During the planning phase

In order for construction projects to have the required resources for successful implementation and to address any constraints that arise, there needs to be adequate political support from the government and support from development partners, as well as available technical professional assistance. Meetings between key stakeholders at the beginning of the school construction process will help facilitate cooperation between partners and bring in any additional required expertise.

Additionally, in order to adequately scope the country’s primary schooling infrastructure requirements, Ministries of Education can conduct a national stock-taking exercise, to assesses the current state of school infrastructure, anticipated future needs, the current national planning processes for school construction, and lessons learned from past projects. This exercise facilitates effective project planning and financing and promotes a harmonization between norms, management, and implementation arrangements.

Some key elements of a stocktaking exercise include:

  • Current status and future needs: Data on the school-age population, enrolments, retention and drop-outs rates, pupils per classroom ratio, geographical distribution and inequities between regions, buildings’ infrastructure status.
  • Planning and financing: Norms and standards for school construction, targeting mechanisms, responsibilities in planning processes, financing sources, expenditures on maintenance.
  • Context: Decentralization arrangements, water, and sanitation policy, construction sector, public procurement arrangements, environmental issues, transport.
  • Past program elements: Norms and standard designs, management systems, implementation mechanisms, maintenance, unit-costs, and cost-efficiency.
References
Theunyck, S. 2002. School construction in developing countries: What do we know?
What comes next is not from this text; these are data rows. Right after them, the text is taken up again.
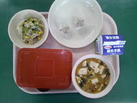 今日は、みなさんの大好きなマーボーどうふです。この料理の名前は、「マーおばあさんが作った料理」という意味で、中国の料理です。トウバンジャンというピリ辛味の香辛料を使っています。寒い時期に、体が温まる豆腐料理です。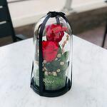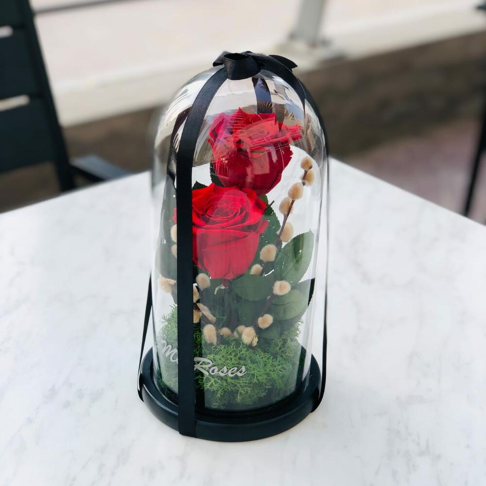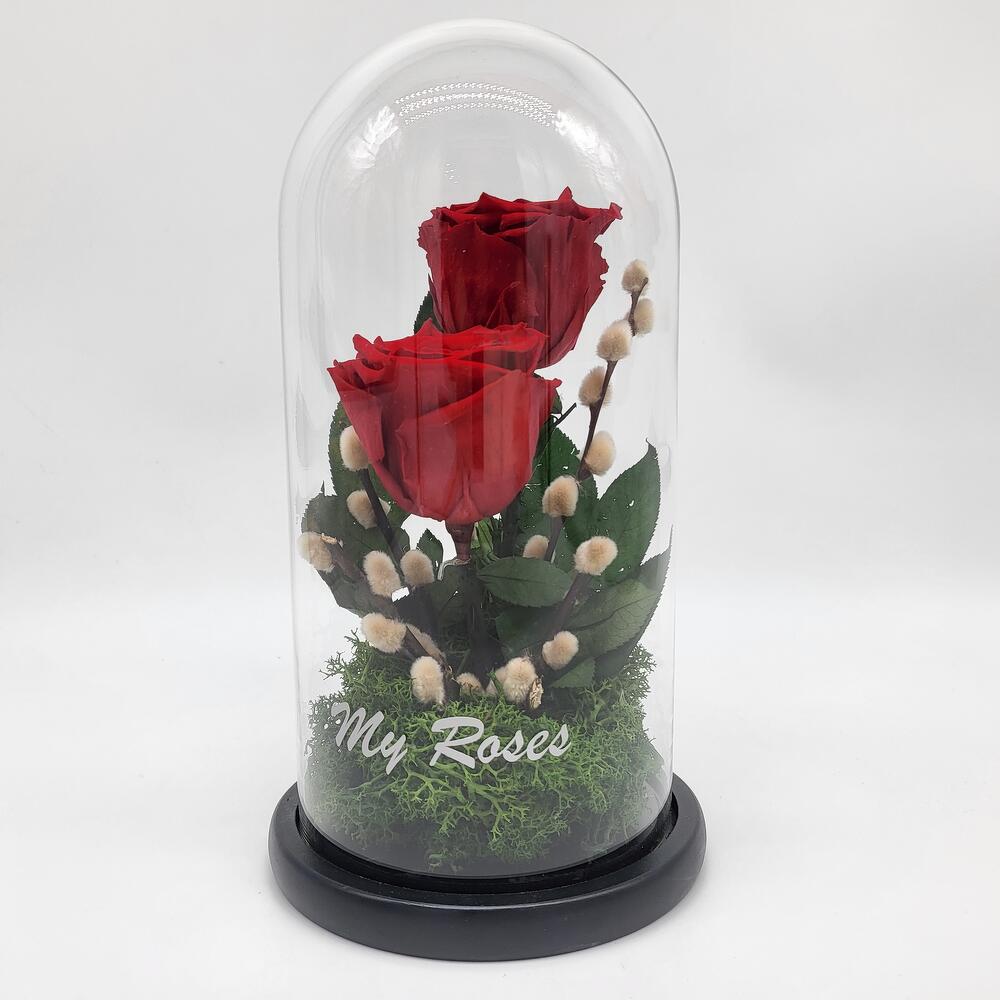 glass dome - 1 pcs red forever roses - 2 pcs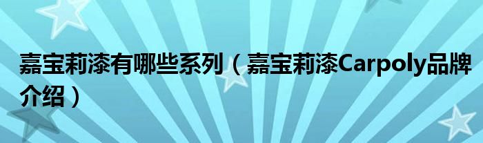 大家好,小源来为大家解答以上问题。嘉宝莉漆有哪些系列,嘉宝莉漆Carpoly品牌介绍很多人还不知道,现在让我们一起来看看吧!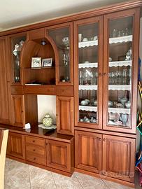 Il mobile è dotato di vetrinette, vani chiusi e diversi spazi pratici per riporre libri, oggetti decorativi, stoviglie o dispositivi multimediali. La struttura è robusta e realizzata con materiali di qualità, ideale per chi apprezza un design più tradizionale e accogliente.
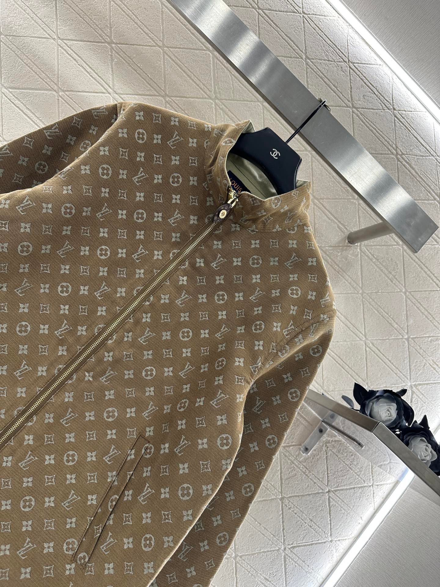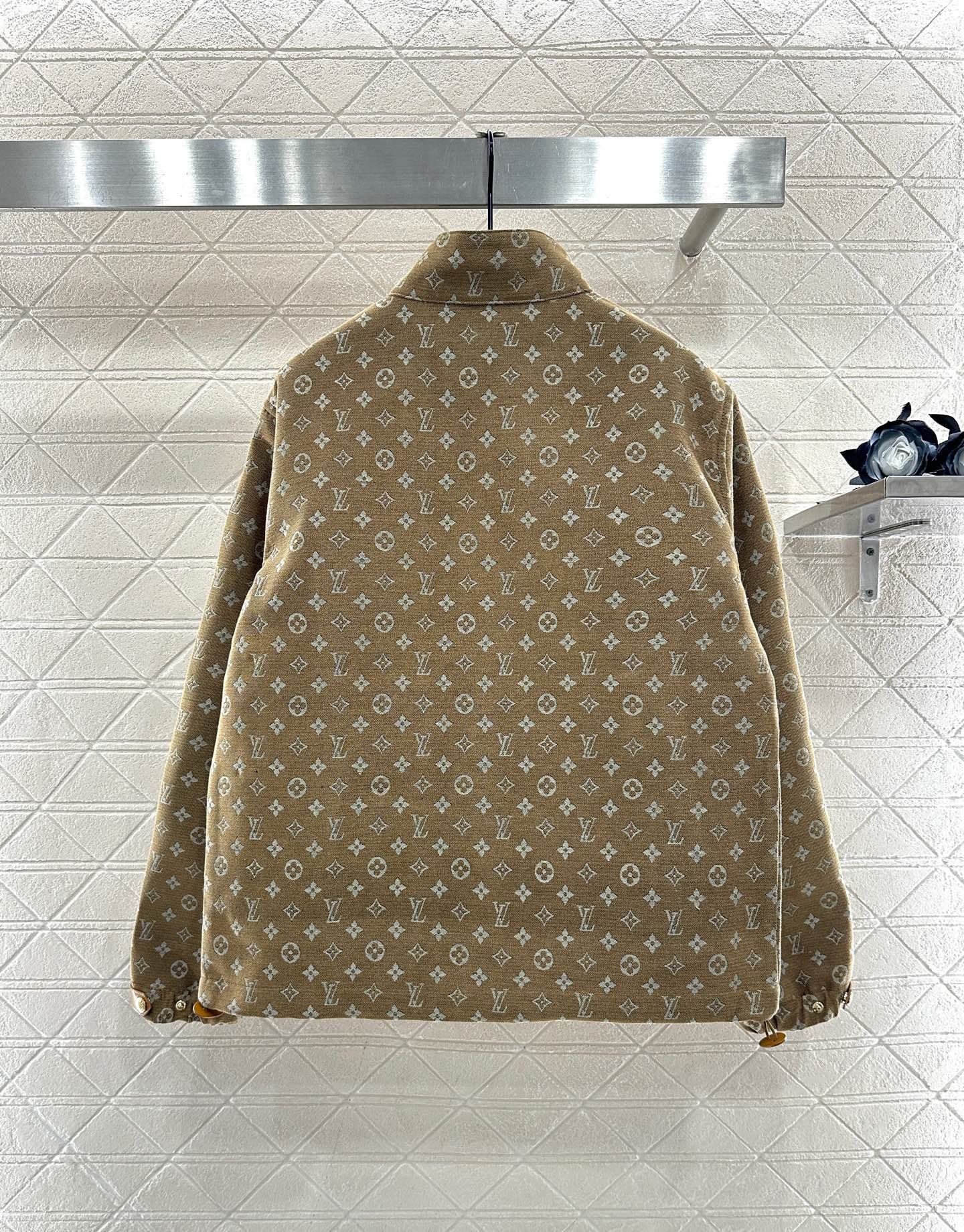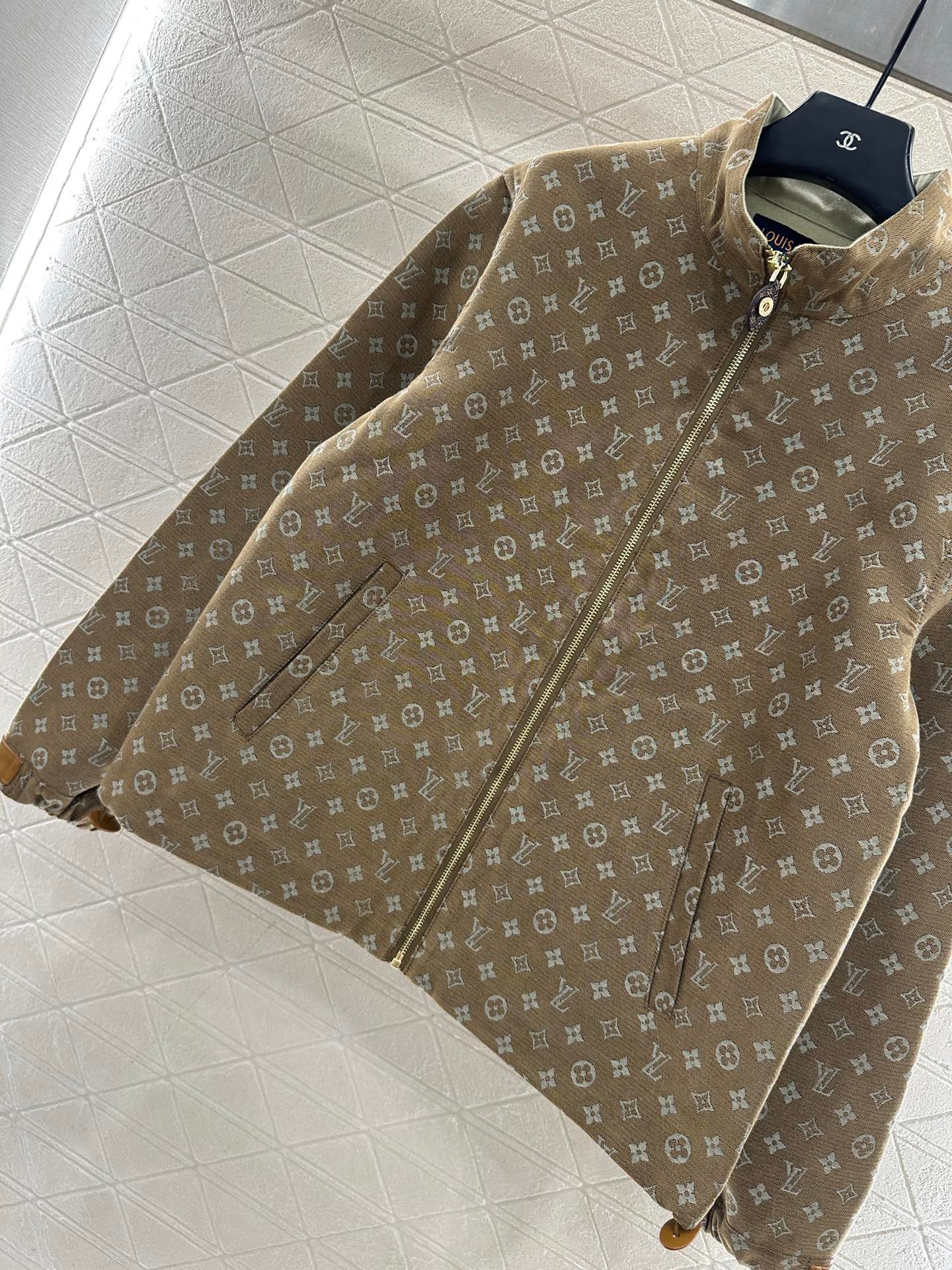Wool jacquard material, glossy texture, crisp and stylish, zipper jacket jacket cut, adjustable drawstring design on both sides of the hem, fully covered with four leaf clover letter logo jacquard, elastic elastic band ➕ Milk tea colored leather buckle, double the warmth of the body shape, brushed inside, elegant and warm for autumn and winter wear, loose jacket style, fashionable and handsome for dressing

Washington D.C.: The World Bank. Retrieved from: https://humanitarianlibrary.org/sites/default/files/2014/02/Theunynck%2520(2002)%520School%2520Construction%2520in%2520Developing%2520Countires.pdf

Design a school construction delivery strategy

A school construction delivery strategy lays out all the features that will be addressed prior to and during the construction process and is a fundamental tool to facilitate effective project implementation. The strategy should be developed collectively, involving all relevant stakeholders for the construction project, which could also include professionals who can offer technical expertise.

The following is a list of important elements that should be included in a delivery strategy, (according to Bonner et al., n.d.) or that should be covered in some dimension in the school construction planning process:

  • Rationale, scope, and objectives of the program. Based on national standards and policies. Inclusion of how infrastructure will connect to other educational programmes, as well as other sectors.
  • Data and information. Data needed to identify the location, amount and state of existing building infrastructure, assess what additional infrastructure is required, correctly target resources, and economically plan new construction.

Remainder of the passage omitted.